What are metrics in DeepCrawl?
A metric is a piece of information about a page, link, or sitemap that we have extracted from a URL or has been calculated in our system (e.g. DeepRank).
Here are some examples of metrics we store around a URL:
- Title tag
- Meta robots tag
- HTTP Header
There are different levels of metrics which we have to calculate within the DeepCrawl system.
For example, Meta Noindex is a low level true or false metric which lets you know whether a page has the noindex meta tag. Indexable is a high-level metric which needs to take into account several metrics to be accurate (such as noindex tags, headers, canonicalisation, etc.).

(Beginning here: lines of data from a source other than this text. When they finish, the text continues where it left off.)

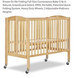 Dream On Me Folding Full-Size Convenience Baby Crib in Natural, GreenGuard Gold & JPMA, Portable, Patented Quick Folding System, Heavy Duty Wheels, 2 $230Romeoville, IL
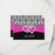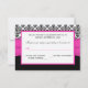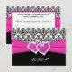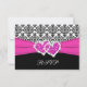 Cette carte de réponse RSVP en damas noir et blanc a un ruban imprimé rose vif et une broche en cœurs de diamants scintillants faux qui correspond à l'invitation de mariage présentée ci-dessous. Si vous avez besoin d'autres articles assortis ou si vous souhaitez une autre combinaison de couleurs, veuillez envoyer un e-mail à niteowlstudio@gmail.com avec votre demande.
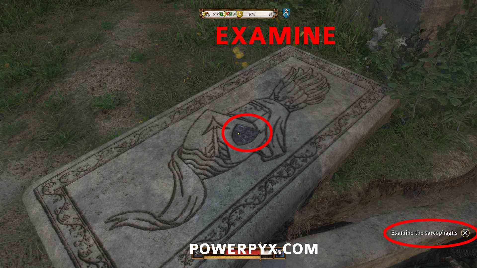 To find the relic, look at the silver cross on the sarcophagus left of the grave. The prompt “Examine the sarcophagus” will appear in the bottom right. If the prompt doesn’t appear, you must first do objective Find the mural of Boleslav Bavor for Henry to recognize the mural. Only after this you can interact with it.
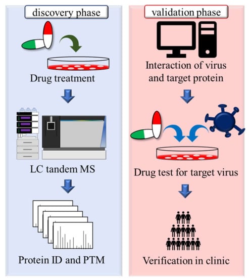 Improving the feasibility of drug repurposing with proteomics. The target proteins of a specific drug were identified during the discovery phase (left). The two groups of suitable and stable cell lines were treated with/without the reported drug, and these cellular proteins were analyzed using shotgun proteomics to identify the IDs and post-translational modifications (PTMs) of target proteins. These drug-targeted proteins might be involved in the viral life cycle in different viral infections. After a search of the literature, the potential viral inhibitory activity of target drugs, which are selected based on the relationship of virus and proteins, was evaluated by drug testing and further clinical trials with a large sample size (right).
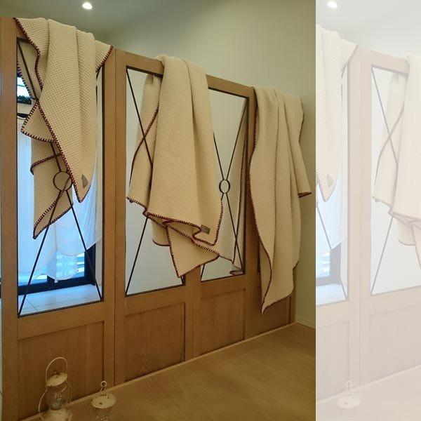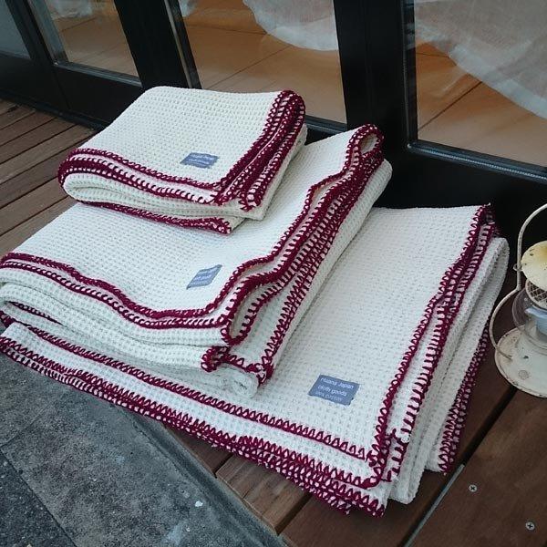 凹凸感が肌に心地いい、ワッフル織り。縫製前に洗いをかけてるのでしっかりとした凹凸感が生まれ、洗うほどにふっくらとしたボリュームとブランケット刺繍(手刺繍)でハンドメイドのような仕上がりが自慢のマルチカバー。コットン100%のやさしい肌触りで洗っても縮みません。サラッとした肌ざわりで夏はさらりと、凹凸の中に空気を抱き込み冬はほっこりオールシーズン使えるマルチカバーです。
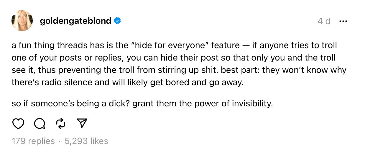This is absolutely fascinating, and what it says to me is that the Threads team, led by Adam Mosseri, is taking the problem of moderation very seriously and at the same time, putting it into the hands of the users. “Hide for everyone” really is smart. Sure, Twitt—X has it, and has had it for a long time. That’s because Twi—X has been around for ages. But what we’re looking at here is the priorities of the network, as exposed by the choices made by the design team.

All these different metrics, once calculated, let our system identify if a page is indexable or non-indexable.
For all pages fetched and processed in our system, we collect more than 300 metrics which include everything from a page's title to the number of Search Console impressions.
What are reports in DeepCrawl?
A report in DeepCrawl is a combination of different metrics - while a metric is an individual piece of information about a page, a report takes many metrics and their values into account.
For example, the Page Title metric is the title that we extracted from your page, but the Short Titles report is a list of URLs which have a short title and are indexable.
Examples of reports in DeepCrawl:
- Noindex pages: Pages which have a meta robots or X-robots noindex.
- Canonicalized pages: Pages whose canonical tag is not self-referencing.
- Primary pages: Indexable pages which are unique or the primary of a set of duplicates.
What are DeepCrawl’s datasources?
During our crawls, we collect information about URLs, links between those URLs, and sitemaps. As these three pieces of data are so different from each other, we separate them into separate main databases.
Pages and URLs
This datasource contains each URL and all metrics related to each URL. For example:
- Indexable pages
- Non-200 pages
- 301 Redirects
This datasource contains each link and related metrics, for example:
- Source URL
- Target URL
- Orphaned pages
It also contains links which have issues. For example broken links, links between protocols, and a few other cases.
We do not currently store every single link and its source that we see during a crawl as this is typically terabytes of data. If you are interested in all links between pages, look at Unique Links.
This datasource contains every unique link that we saw during the crawl. For example:
- Anchor text
- Target page data
- Primary sources
If your website has a navigation link to the homepage on every page of the website, then we will save that link once along with a count of the times we saw that link.
This datasource includes Information about the sitemaps we processed during the crawl. For example:
- Broken/disallow sitemaps
- URL count in sitemaps
- Sitemap type
Explore DeepCrawl Reports
Click on the links below to understand the metrics behind specific reports. All reports have been grouped into datasources.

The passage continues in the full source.